Perhaps he sees the personal blog format as a bit egotistical or otherwise not fit for purpose. Or perhaps he just isn't a naturally talented writer. Its not as if he's shy about sharing his thoughts outside that.

Also worth noting that he and Bruce Schneier, who is a much more prolific writer, share many of the same views and partner together at Inrupt.

[–] [email protected] 20 points 7 months ago

Interesting read, although I do not understand everything. It's nice to hear a fediverse shout-out.

[–] [email protected] 6 points 7 months ago (1 children)

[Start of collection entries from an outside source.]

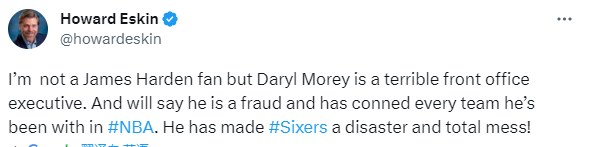 费城当地记者Howard Eskin转发了哈登炮轰莫雷的视频,并写道:我不是哈登的粉丝,但莫雷是个糟糕的高管。我会说他是个骗子,他欺骗了NBA的每个球队,他造成了76人现在的灾难,搞得一团糟。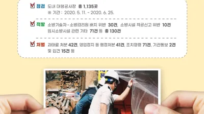 경기지역 대형공사장 10곳 중 1곳은 ‘안전불감증’ - 대형공사장 1.135곳 점검. 105곳이 불량판정 ○ 경기도소방재난본부, 5월11일~6월25일 추진한 소방안전대책 결과 발표 - 대형공사장 특별안전점검, 소방관련업 지도‧감독, 공...
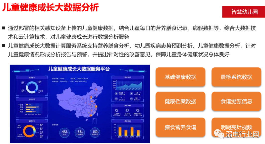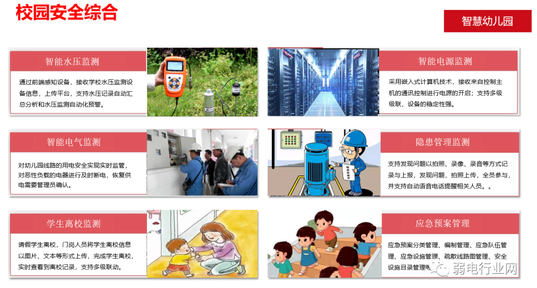 关于幼儿智能化是近几年热门的项目之一,因为多方面因素,智慧幼儿园的建设非常重要,在我们弱电VIP技术群中也有不少朋友已经在做相关的项目了,幼儿园虽然不比大学与中学,但是涉及的弱电系统其实并不少,我们平时熟知的幼儿园系统主要有监控,但是现代化智能化系统园建设并不单单只有监控,有更多的智能化、多媒体教学方面的软硬件,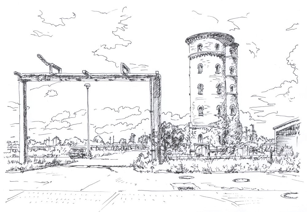 Strassenbahn Depot, Bornheim (mit altem Pissoir davor) (zerstört)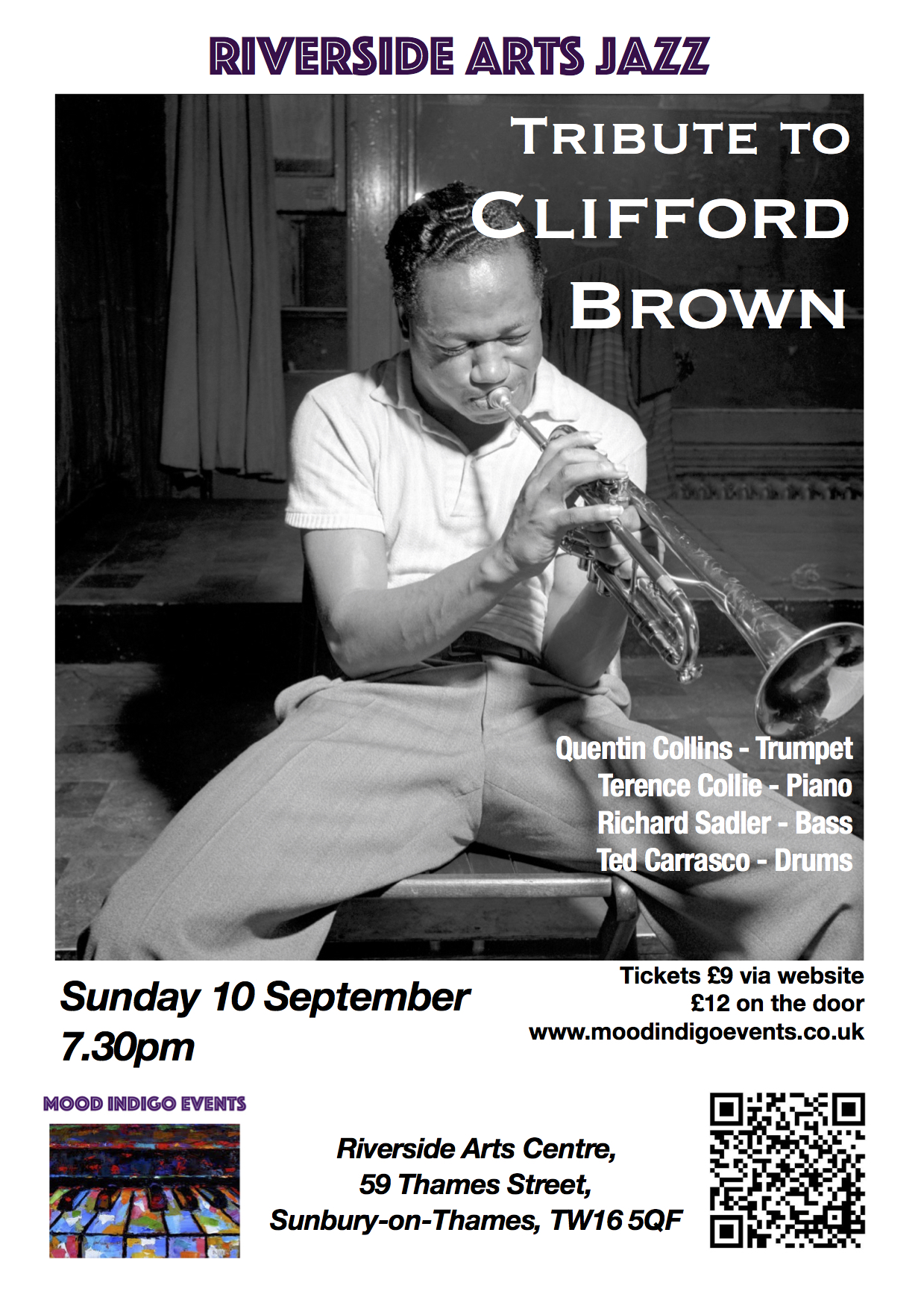 Quentin Collins performs a tribute to Clifford Brown at the Riverside Arts Centre, 59, Thames Street, Sunbury TW16 5QF on Sunday 10th September at 7.30pm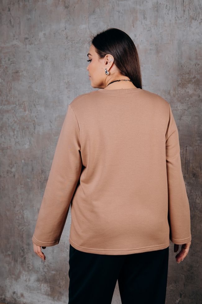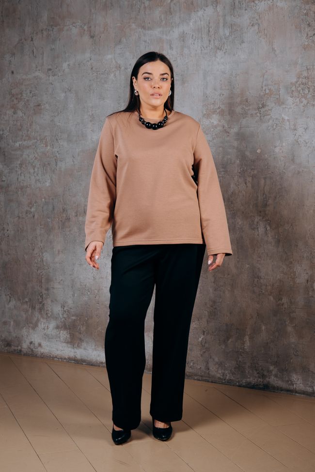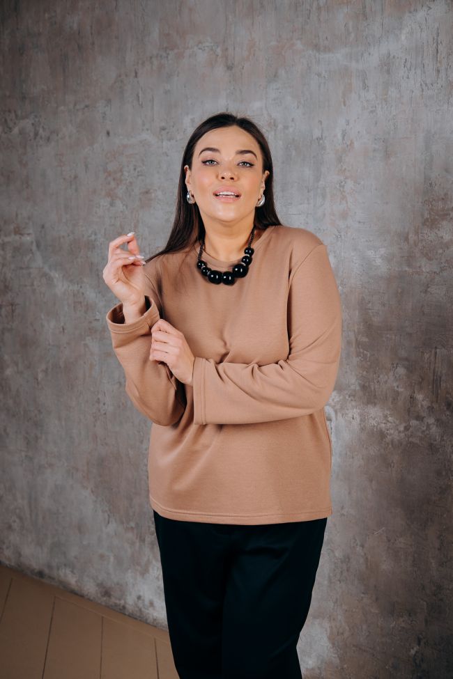 светло-коричневый Классический лонгслив прямого силуэта из плотного трикотажа "футер". Вырез горловины круглый оформлен бейкой. Рукава втачные, прямые,  длиные со спущенной линией плеча.  Низ ровный. Лонгслив прекрасно дополнит повседневный гардероб в прохладное время года.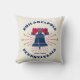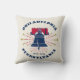 Voel je op je gemak met dit patriottische kussen. Het heeft een illustratie van een vrijheidsbel met een gedurfde, moderne, cirkelvormige tekst die luidt: Philadelphia, Pennsylvania, 1776 - 2026, in gouden, blauwe en rode kleuren op een lichtbeige achtergrond. Geweldig als cadeau of souvenir voor de viering van het 250-jarig bestaan van Amerika in 2026.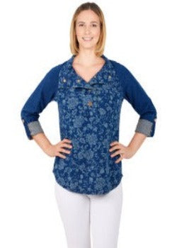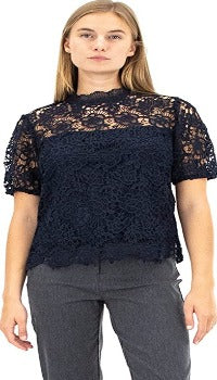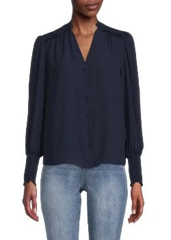 Blouse Woven Top Cuff Navy - Nanette Lepore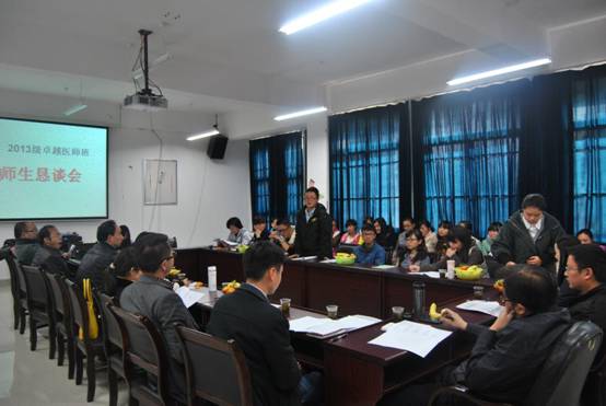 为了加强员工与老师之间的交流,有效地促进老师教学方法的改进,推进贵阳医公司教学改革工作的顺利进行,2013级卓越医师班师生恳谈会于2013年11月26日中午12:30如期在新校区WilliamHill体育一层会议室举行。WilliamHill体育副经理吴家红、党委副书记廖兴江,员工处副处长周辉,花溪校区建设工程指挥部指挥长助理涂波副处长,教研室任课教师代表、公司教学管理科以及卓越班辅导员及全体同学参加了此次会议。廖兴江副书记主持此次会议。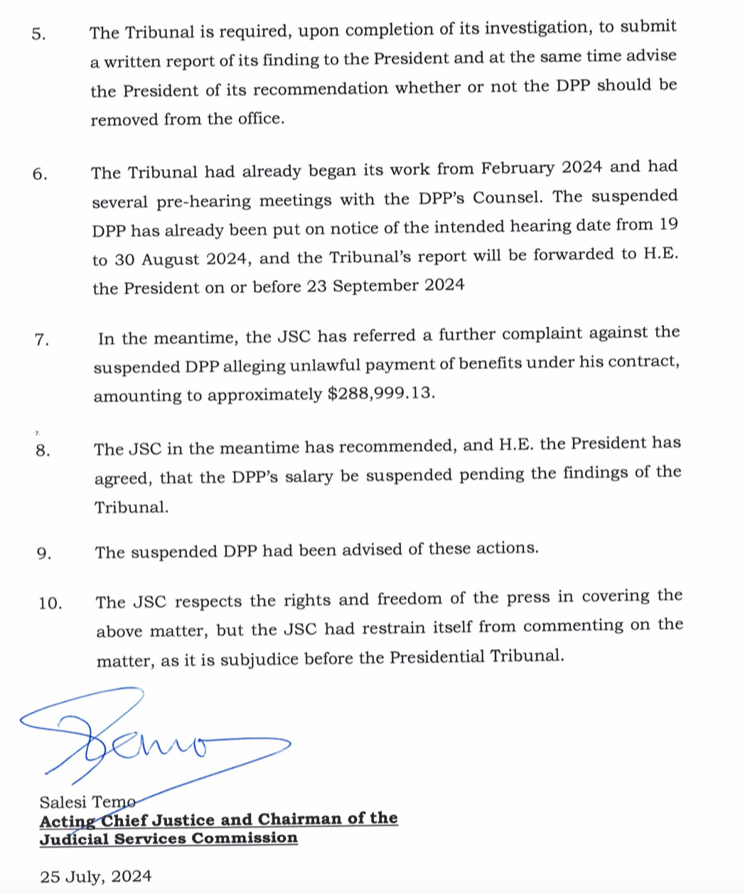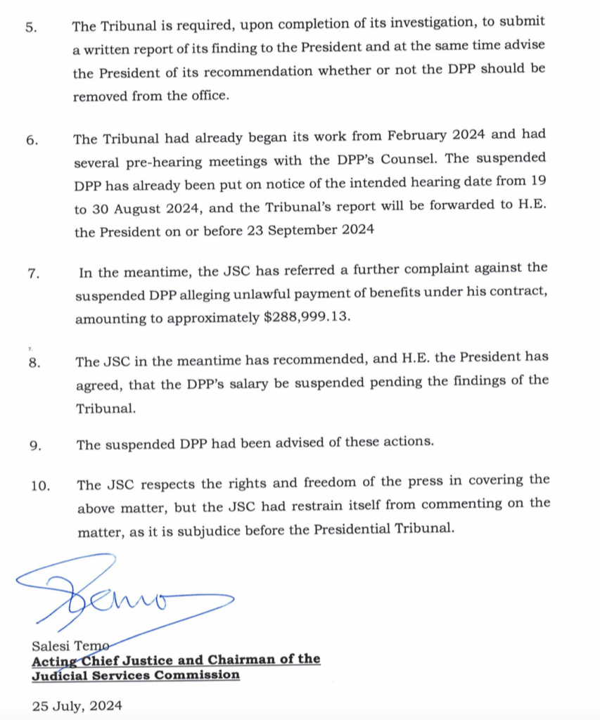 In an unprecedented media release in July after the Prime Minister said it was wrong for the JSC to have suspended Christopher Pryde’s salary, here’s an extract of what the Acting Chief Justice told the nation confirming todays deadline. (full statement below)

@[email protected] my biggest worry is that his Solid POD has been coming from about 2016 in design and was funded 2021 or so, and I remember it being announced in 2022 or so. In today's world, that is pretty slow-going. It seemed to always be imminent. I even registered a POD back in 2022... and then nothing still after two years. So many other decentralised protocols have been adopted since then.

Admittedly we do have an urgent need for one's own POD identity no matter where you are on social networks, but I still don't see how we're going to get ActivityPub, Nostr, WhatsApp, Facebook, etc to all adopt it.

[–] [email protected] 2 points 7 months ago (1 children)

Yeah. It's an interesting concept, but I can't see why anyone would want to use it.

[–] [email protected] 1 points 7 months ago (1 children)

@General_[email protected] it's about retaining a single identity for yourself, and one which you control and link to where you are using it vs a unique profile at every different social network.

[–] [email protected] 1 points 7 months ago

As far as I understand, you'd store eg tracking data in the POD. That would allow apps/services to give you better recommendations or personalized ads. The only party with any interest in writing to the POD is the end-user, but their interest is tiny. Better recommendations, so what? Advertisers prefer to keep their data private to have an edge over the competition.

[–] [email protected] 5 points 7 months ago

Tim Berners-Lee is mad. The internet's father is mad.

[–] [email protected] 3 points 7 months ago

Three and a half decades ago, when I invented the web, its trajectory was impossible to imagine.

That’s one proud ass dude. I wish I invented the web, so I could utter those words. Legend.